In order to compare the general composition of vertebrate donor intronic flanks, we first calculated the frequencies of all 5-mer oligonucleotides (pentamers) within each set of orthologous sequences. Pentamers were chosen because most RNA-binding proteins have comparably sized binding sites. Pentamer frequencies therefore reflect the frequencies of potential RNA-binding sites. In order to study the variations for specific pentamers and to identify those having clade-specific variations, we used k-means clustering (de Hoon et al. 2004) to cluster pentamers according to their frequencies across the organisms in the study. To establish the optimal number of clusters, we first allowed the number to vary from 2 to 20. A scree-plot of the between-cluster distances revealed that approximately 90% of the total variation is accounted for by using 16 clusters (supplementary fig. S2, Supplementary Material online). We therefore chose 16 clusters for the final analysis. Using this procedure we were able to cluster pentamers having similar frequency profiles across the vertebrate taxa (e.g., see supplementary fig. S3, Supplementary Material online). Heat-map representations of the pentamer frequencies for each organism and the resulting clusters are shown in figure 2. The full list of pentamers composing each cluster is presented in supplementary table S2, Supplementary Material online.

Fig. 2.—

Fig. 2.—

Frequencies of pentamers in the donor flanks of 27 vertebrates. Heat-map representation of the frequencies of all pentamers in the donor intronic flanks of the organisms in this study. Prior to clustering, the frequencies for each organism were mean centered using the mean frequency for the organism. Yellow indicates frequencies above the mean and cyan indicates frequencies below the mean. In both cases the intensity of the color corresponds to a greater difference from the mean. Pentamers are arrayed along the Y-axis as organized by the clustering algorithm. White horizontal lines separate pentamer clusters. The dashed white line indicates the separation between mammals and nonmammals.

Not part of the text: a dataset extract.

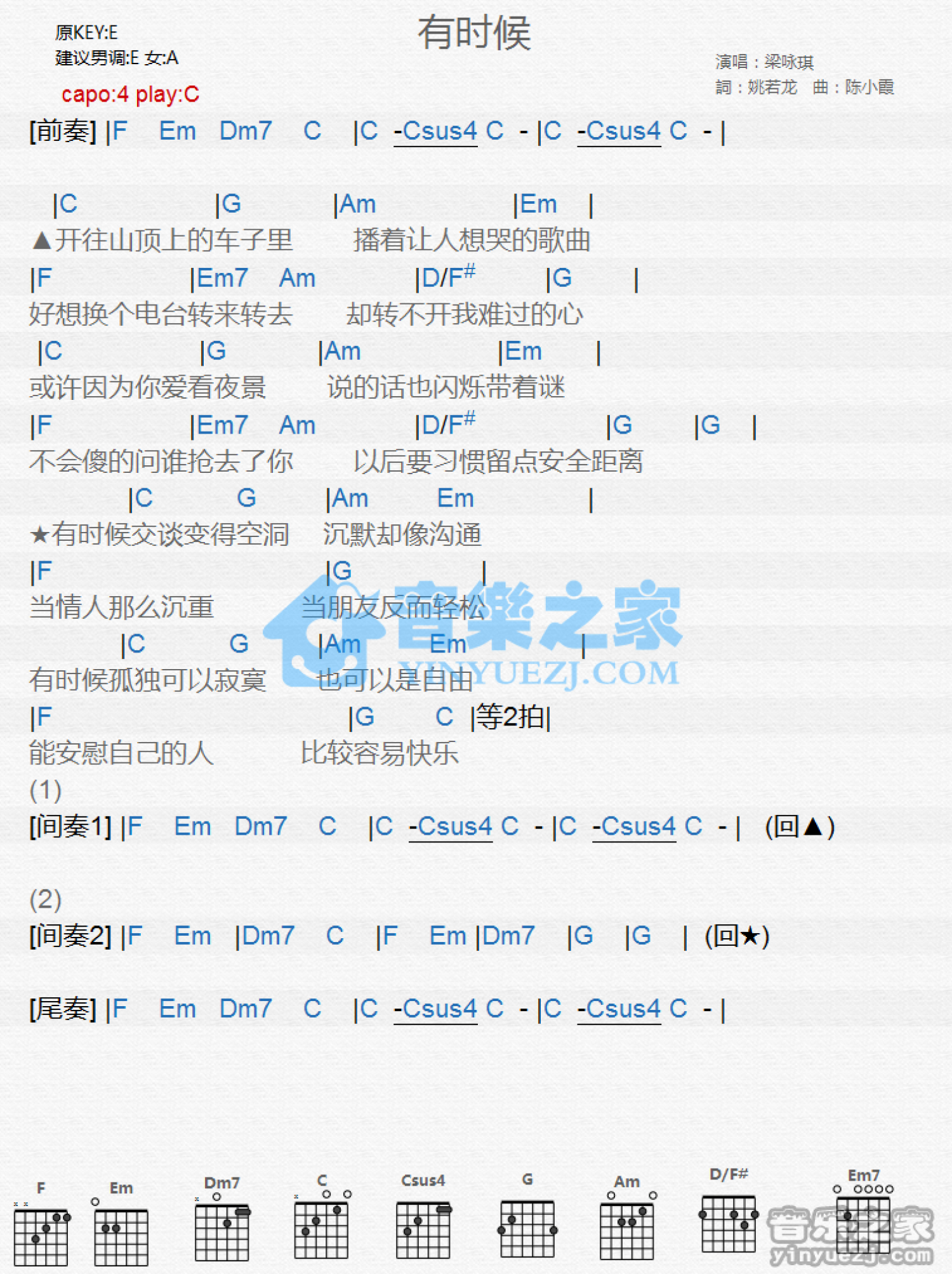 曲谱介绍: C调版 梁咏琪《有时候》吉他和弦弹唱谱

As shown in figure 2, most pentamers have similar frequencies in the intronic flanks of all vertebrates; however, some show remarkable variations between organisms. The most prominent clade-specific variations are seen when comparing mammals to nonmammals. We therefore grouped the pentamer clusters into the following categories: (I) pentamers that are common in all vertebrate intronic flanks, (II) pentamers that are enriched in nonmammalian flanks but are rare in mammalian flanks, (III) pentamers that are enriched in mammalian flanks but are rare in nonmammalian flanks, and (IV) pentamers that are rare in all vertebrate intronic flanks.

The pentamers that are most relevant for this study are those that occur with high frequency in intronic flanks (groups I–III) because these are more likely to represent common SREs. The G/C content of the pentamers in these groups reveals an overall trend: pentamers that are frequent in all vertebrate flanks (group I) are highly A/U-rich while those that are abundant primarily in mammalian flanks (group III) are highly G/C-rich (supplementary fig. S4, Supplementary Material online). Although the greatest difference between group I and group III pentamers is G/C content, simple G/C content alone does not explain the clustering results. For instance, many of the group III pentamers have an overall G/C content similar to group IV pentamers (e.g., compare D07 and D09 to D14, supplementary fig. S4, Supplementary Material online). Also, clusters D01 and D02 (which are abundant in all vertebrates) have similar A/U content to pentamers in cluster D04, which are more common in nonmammalian flanks (supplementary fig. S4, Supplementary Material online).

Many of the most frequent pentamers are similar to known SREs. For instance, group I contains pentamers with U-repeats (see clusters D00–D03, supplementary table S2, Supplementary Material online). Enrichment of U-repeats in donor-flanks has been previously observed (Aznarez et al. 2008; Gal-Mark et al. 2009), and these sequences have been shown to function as SREs. Several splicing factors are known to bind U-rich sequences. These include HNRNPC (Görlach et al. 1994; König et al. 2010), members of the ELAV/Hu family (Wang H, et al. 2010), and TIA1/TIAL1 (Aznarez et al. 2008; Wang Z, et al. 2010). Although these proteins have been largely studied in the context of alternative splicing, transcriptome wide mapping of TIA1/TIAL1-binding sites in human cells revealed that many binding sites are located in the donor flanks adjacent to constitutively spliced exons, suggesting that these proteins play a general role in splicing (Wang Z, et al. 2010). We observed that 36 out of the top 50 pentamers that are most highly enriched in TIA1/TIAL1-binding sites (determined using iCLIP) (Wang Z, et al. 2010) also clustered in group I. It is therefore reasonable to propose that many of the pentamers in group I represent binding sites for proteins of the TIA1/TIAL1 and/or ELAV/Hu families.

Group II pentamers are more abundant in nonmammalian downstream flanks than in mammalian flanks. In general, the difference in frequencies between mammals and nonmammals for pentamers in group II is less than that seen for group III. Among this group are pentamers containing UG- and AC-repeats (D06). Sequences containing these repeats are known to act as SREs. UG-repeats are bound by CELF proteins and have been shown to influence splicing (Barreau et al. 2006). AC-repeats have also been shown to act as SREs and appear to be targets for HNRNPL (Hui et al. 2005). These pentamers are especially highly enriched in fish introns (fig. 2), which is consistent with a previous study showing that they act as SREs in Fugu (Yeo et al. 2004).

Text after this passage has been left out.